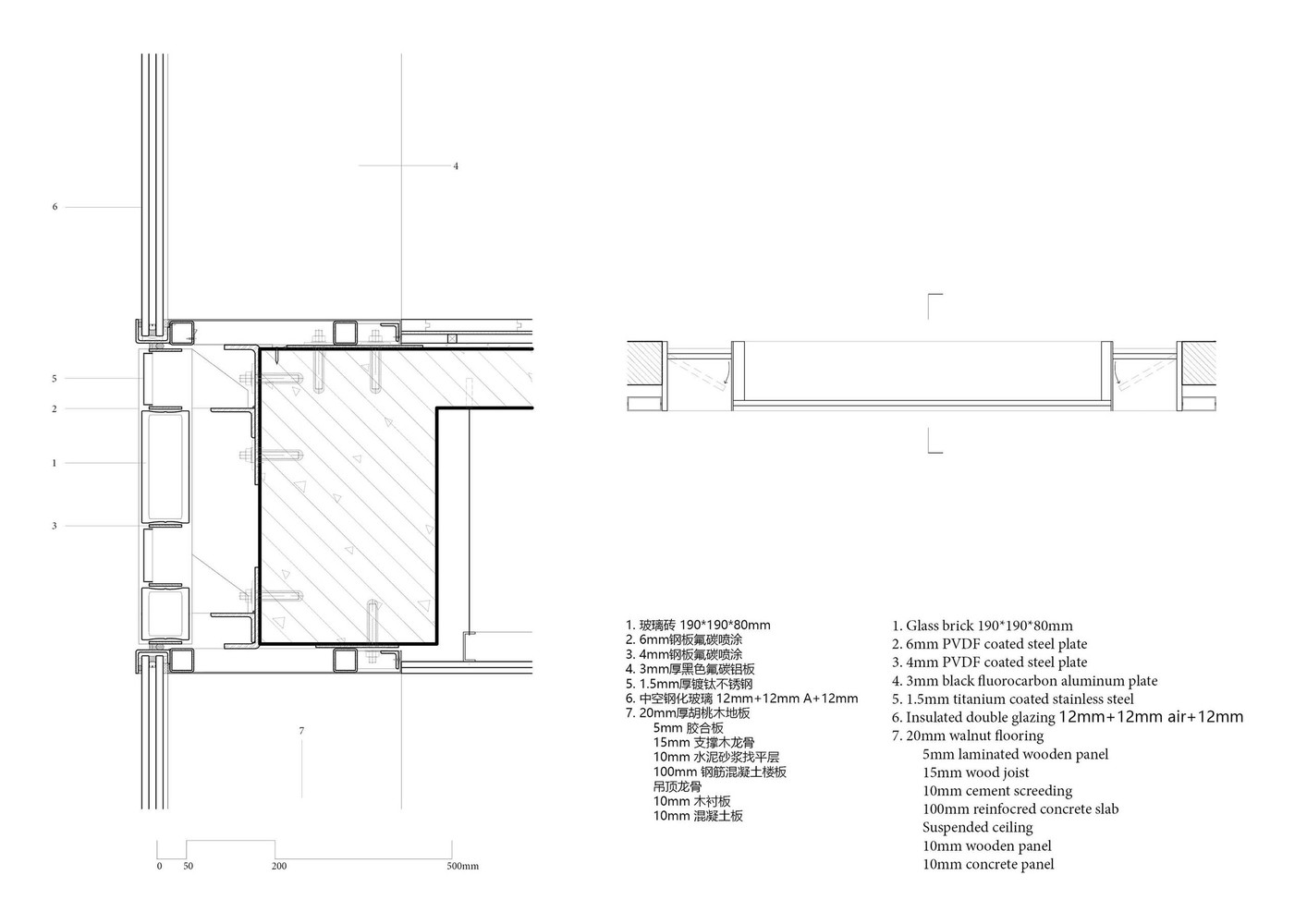 Стены-столпы на южном фасаде содержат два управляемых окна, которые специально спроектированы для поддержания полного вида падающей воды при открытии. Другие детали в комнатах включают отверстия на стене балкона и две комнаты с видом на мост, а также треугольное зеркальное окно, расширяющее визуальное восприятие крошечного пространства.
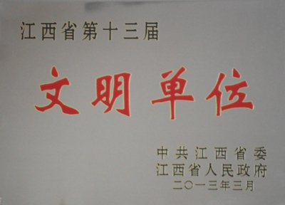 近日(ri),省委(wei)、省政(zheng)府(fu)下發(fa)通(tong)報,表(biao)彰江西省第(di)十三屆“文(wen)明單(dan)位(wei)”。公(gong)司榜上有名。這是(shi)公(gong)司連(lian)續三屆榮獲(huo)省級“文(wen)明單(dan)位(wei)”殊(shu)榮。
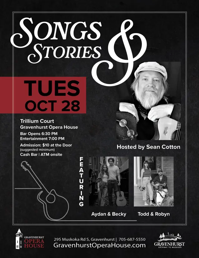 Join us in the Trillium Court Lounge for an intimate evening of stories and songs hosted by Muskoka musician, singer and songwriter, Sean Cotton. This monthly meeting of the musical minds is always an enjoyable experience for the audience and the talent alike. No two evenings are the same. The stories are always fascinating and the music that flows back and forth between the artists is always a delight.
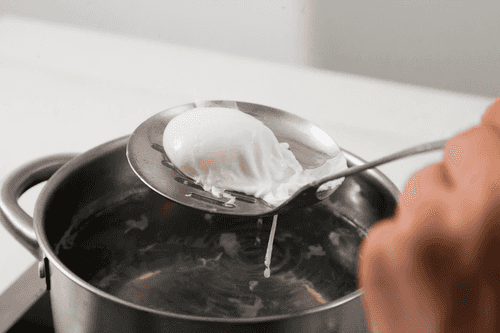 В большой кастрюле разогреть воду со столовой ложкой уксуса. Когда вода достигнет пузырькового кипения, аккуратно разбить туда яйцо и варить 3 минуты, затем вытащить шумовкой.

* What is expected *
Write out again, exactly, only the lines from the beginning of the material above to the line that holds "近日(ri),省委(wei)", both ends included, and no pictures.

* Written solution *
 Стены-столпы на южном фасаде содержат два управляемых окна, которые специально спроектированы для поддержания полного вида падающей воды при открытии. Другие детали в комнатах включают отверстия на стене балкона и две комнаты с видом на мост, а также треугольное зеркальное окно, расширяющее визуальное восприятие крошечного пространства.
 近日(ri),省委(wei)、省政(zheng)府(fu)下發(fa)通(tong)報,表(biao)彰江西省第(di)十三屆“文(wen)明單(dan)位(wei)”。公(gong)司榜上有名。這是(shi)公(gong)司連(lian)續三屆榮獲(huo)省級“文(wen)明單(dan)位(wei)”殊(shu)榮。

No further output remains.